Я еще более уверенно, чем говорил в России, говорю теперь: Ваши работы, выставка Ваших рисунков имела бы здесь солиднейший успех и крупное значение. Посему: М[арии] Ф[едоровне] поручено всячески вывозить Вас сюда, – она весьма усердно «прошена об этом», как говорят по-русски.
Достопочтенная птица Соловей чувствует себя не совсем плохо; он очень солиден и довольно сносно играет роль папаши при Максиме и жене его, именуемой – Тимофей. Купил краски, ищет ателье, собирается работать, а сейчас – третьего дня – уехал в Шварцвальд, дабы подыскать там санаторное депо, куда меня отправят для большого ремонта – как паровоз, – ибо оказалось, что я разносторонне нездоров.
Разумеется – не надо говорить о том, как хочет Вас видеть Ив. Ник., как он тоскует.
Но – все это Вы почувствуете сами, приехав сюда, во что верю. Да, да, Вам следует выбраться в Европы, – это необходимо […].
Писать о Максиме – трудно. Он находится около своей жены, стараясь держаться как только можно ближе кней – будто все еще не уверен в реальности своего брака и Тимошина бытия. Тимоша – славная штука, очень милая.
В Финляндии видел Марию Игнатьевну – в крепких башмаках и теплой шубе. Похудела, стала как-то милее и – по-прежнему – все знает, всем интересуется. Превосходный человек.
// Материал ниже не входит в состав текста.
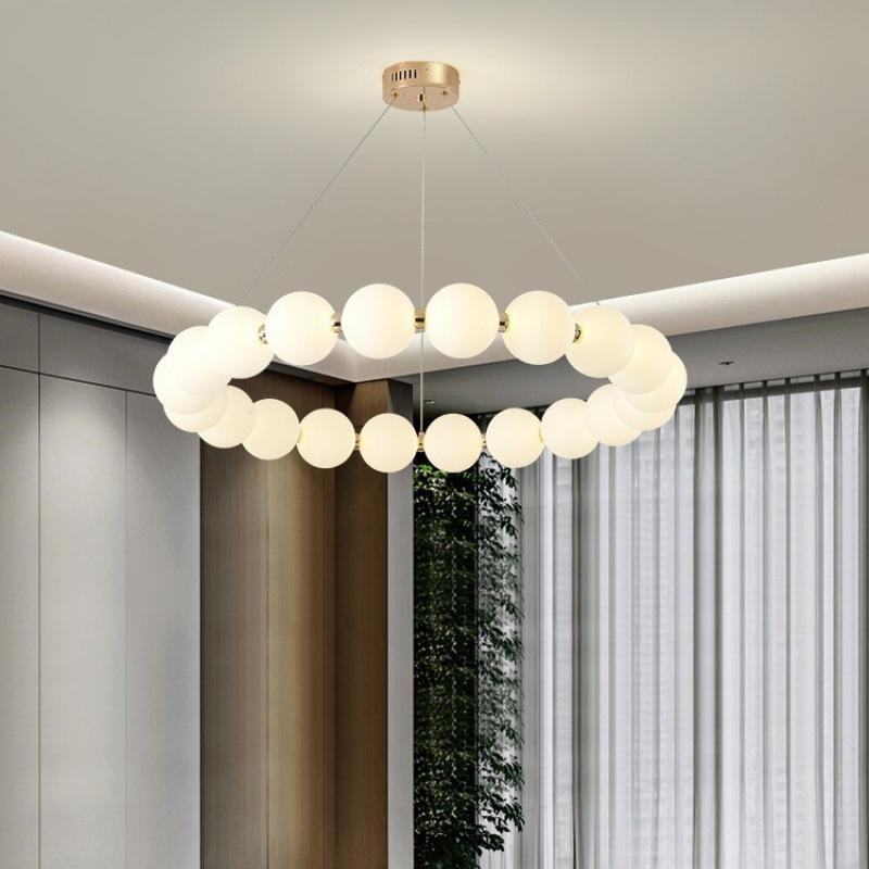 Подвесной светильник для гостиной в скандинавском стиле, простой светодиодный светильник для спальни, круговой светильник для столовой с жемчужным ожерельем

Она желает вылезти замуж за некоего барона: мы все энергично протестуем, пускай барон изберет себе другую фантазию, а эта наша! Так?
В Шварцвальд я уезжаю дня через три. Мой адрес: St. Blasienn, Шварцвальд.
Сердечный привет А. Р. и – будьте все здоровы! Напишите!
Крепко целую Вашу руку
20/XI – 21.
А. Пешков».
Осиротевшие после отъезда Алексея Максимовича, мы стали искать другое жилье. Вскоре из верхней квартиры перебрался в комнаты Алексея Максимовича Женя Кякшт (племянник Марии Федоровны) с женой.
Первая театральная работа в Москве
В самом конце 1921 года я получила приглашение из Москвы оформить во Втором МХА Те спектакль «Архангел Михаил» – пьеса Наталии Николаевны Бромлей, режиссер Вахтангов. Это было очень неожиданно, я была и рада и испуганна, но, конечно, согласилась и поехала в Москву. Пьеса была путаная, символистско-модернистского толка. Резкая противоположность «Народной комедии». Труппа состояла из прекрасных актеров, в спектакле заняты: Дурасова, Пыжова, Вахтангов, Дикий, Михаил Чехов, Чебан, Гейрот и другие. Отнеслись ко мне с большим интересом и лаской. После нескольких встреч и творческой договоренности я поехала делать эскизы домой.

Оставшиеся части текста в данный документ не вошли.